■ **What to do**: Please, in the data that follows, copy exactly the lines from the line with "Boja: Žuta |" through the last one, both included. Do not include pictures.

■ **Collected data**:
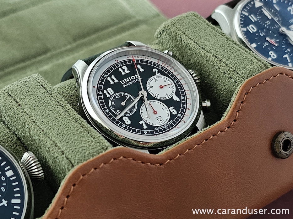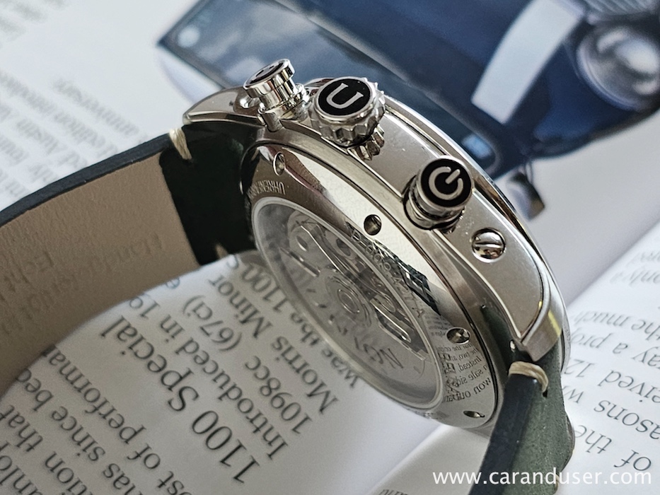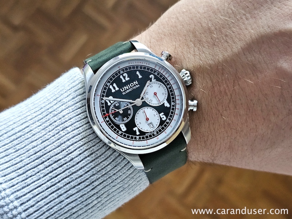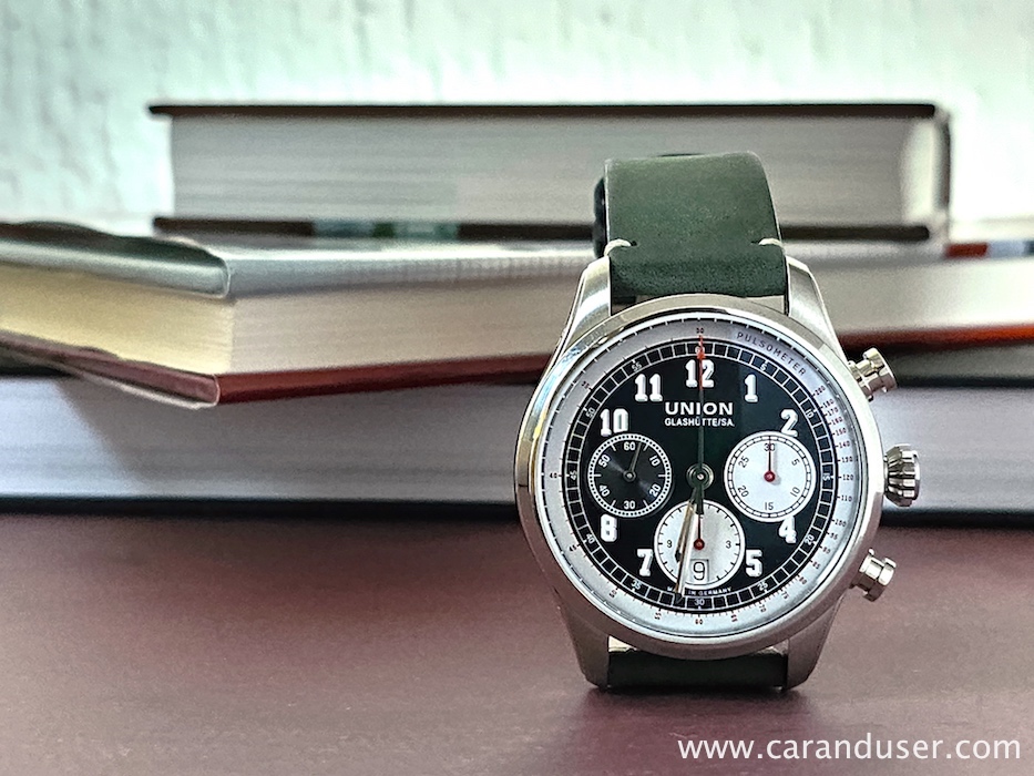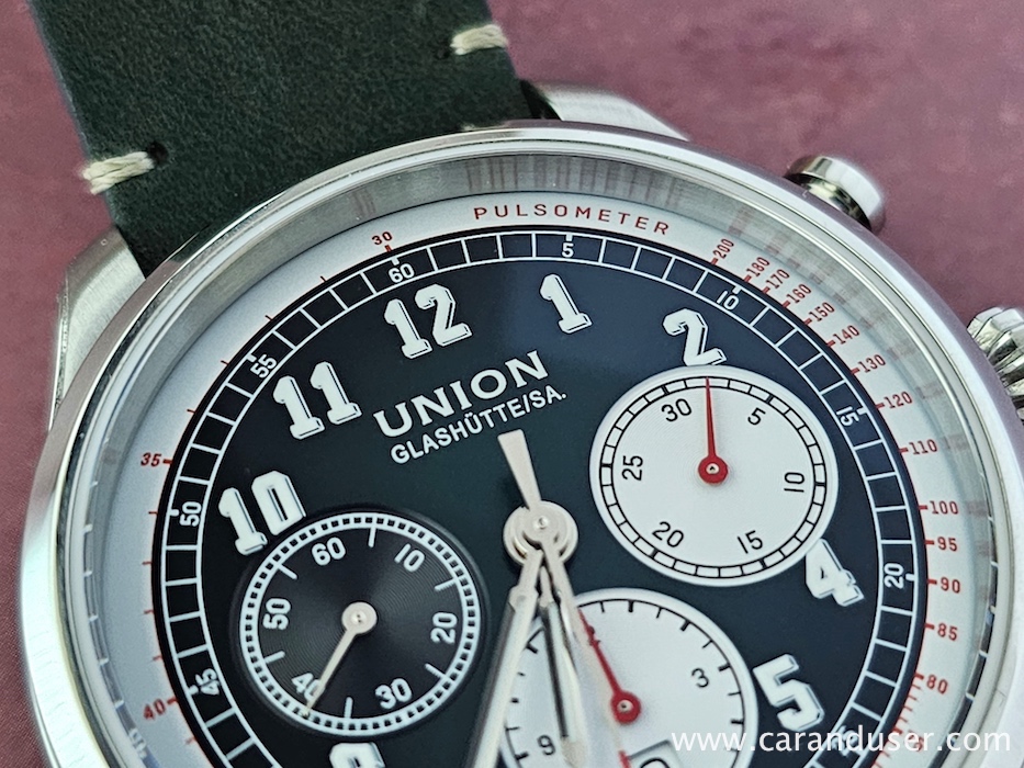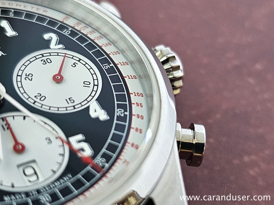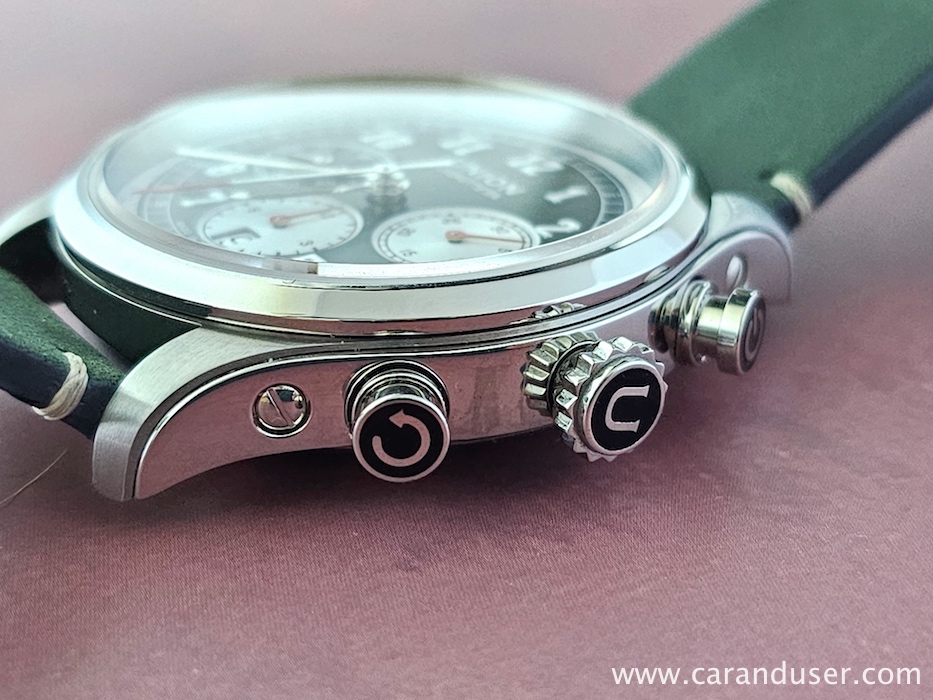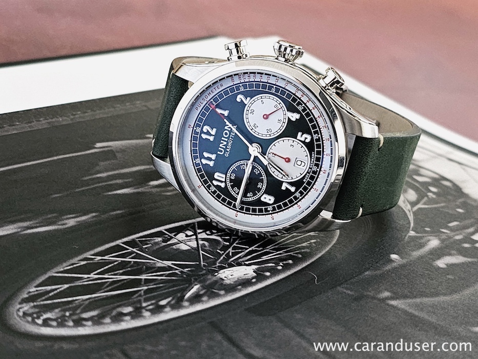 Gumbi kronografa so oblikovani v stilu motornih valjev, krona pa deluje kot diamant z nagubanim robom za boljši oprijem. Antirefleksno safirno steklo nad številčnico je rahlo zaobljeno, kar potencira retro pridih, sama številčnica pa vas bo osupnila. Medtem ko mnogi proizvajalci lansirajo ”ziheraške” izdaje, so vzhodno-nemški mojstri šli izven cone udobja, ter številčnico kronografa oplemenitili s prelivajočo se zeleno barvo. Slednja spomni na britansko zeleno dirkaško barvo ali obarvano karoserijo markantnega Forda Mustanga kot tudi Porscheja 911 v irsko zeleni barvi. Dejstvo je, da je možnih ogromno avtomobilističnih interpretacij.
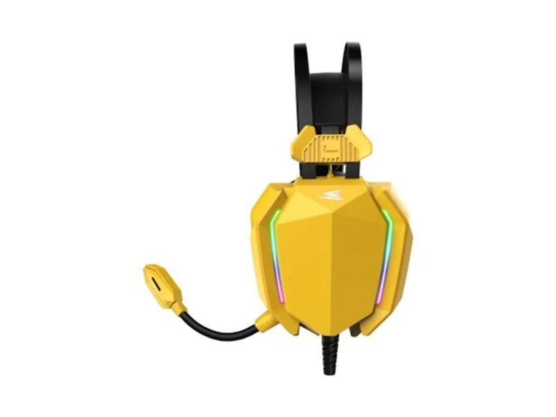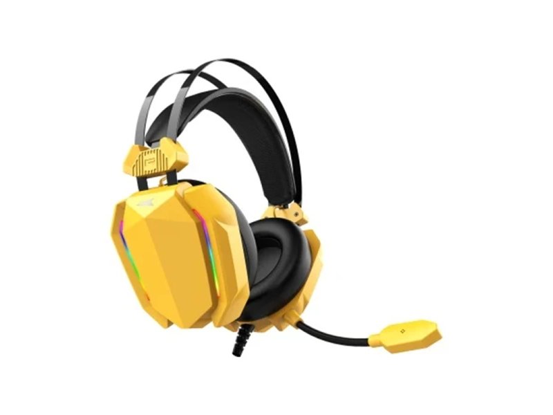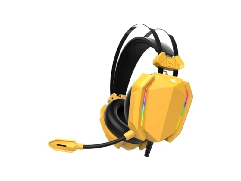 | Karakteristike | Veličina zvučnika: 50 mm (veliki drajveri za jači zvuk) Frekvencijski raspon: 20 Hz – 20 kHz (standard za pun spektar zvuka) Osetljivost: ~118 dB ± 3 dB (glasne i detaljne) Impedansa: 32 Ω ± 15 % Mikrofon Usmeren mikrofon (za bolju komunikaciju u igrama) Osetljivost mikrofona: ~–42 dB ± 2 dB Impedansa mikrofona: ~2200 Ω Dizajn i udobnost Dužina kabla: 2,15 m PVC Kontrola jačine: Na kablu/slusalicama Materijal: ABS plastika Težina: oko 310 g Priključci: 2× 3,5 mm (za zvuk i mikrofon) USB (za napajanje LED efekta) Kompatibilnost: PC (računari) Dodatno LED osvetljenje: RGB Boja: Žuta |
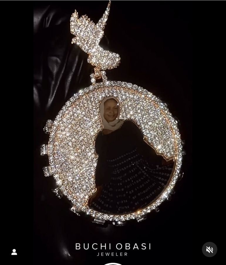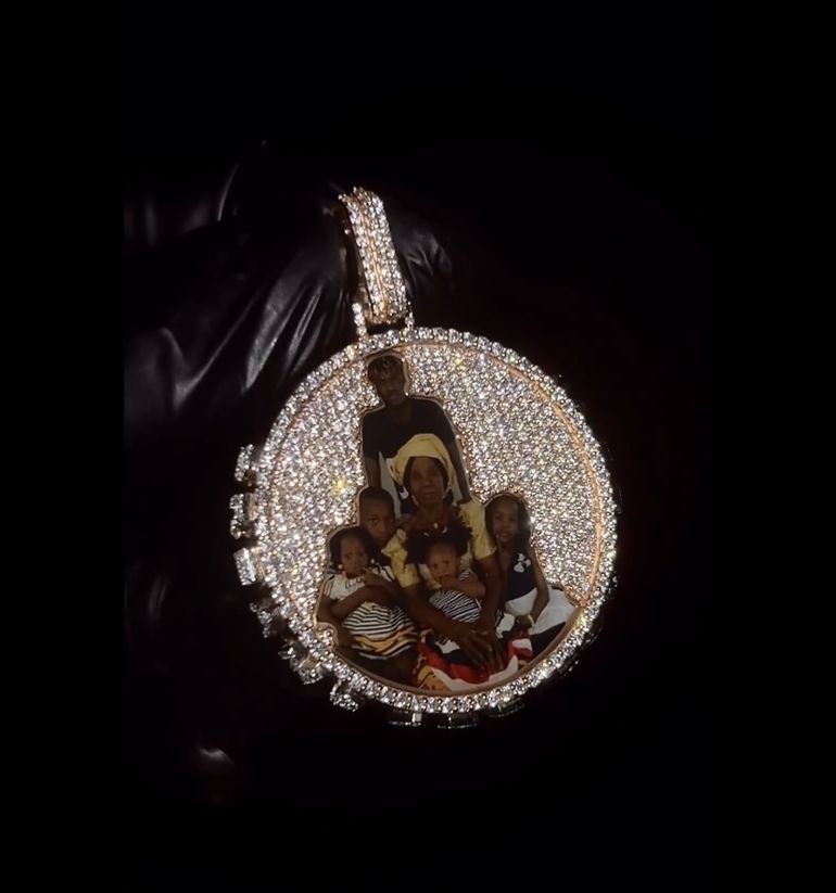 One of the large pendants features an encrusted Diamond inscription that reads “Dreams Are For Real” with a throwback picture of his late mother and his siblings.

■ **Solution to this problem**:
 | Karakteristike | Veličina zvučnika: 50 mm (veliki drajveri za jači zvuk) Frekvencijski raspon: 20 Hz – 20 kHz (standard za pun spektar zvuka) Osetljivost: ~118 dB ± 3 dB (glasne i detaljne) Impedansa: 32 Ω ± 15 % Mikrofon Usmeren mikrofon (za bolju komunikaciju u igrama) Osetljivost mikrofona: ~–42 dB ± 2 dB Impedansa mikrofona: ~2200 Ω Dizajn i udobnost Dužina kabla: 2,15 m PVC Kontrola jačine: Na kablu/slusalicama Materijal: ABS plastika Težina: oko 310 g Priključci: 2× 3,5 mm (za zvuk i mikrofon) USB (za napajanje LED efekta) Kompatibilnost: PC (računari) Dodatno LED osvetljenje: RGB Boja: Žuta |
 One of the large pendants features an encrusted Diamond inscription that reads “Dreams Are For Real” with a throwback picture of his late mother and his siblings.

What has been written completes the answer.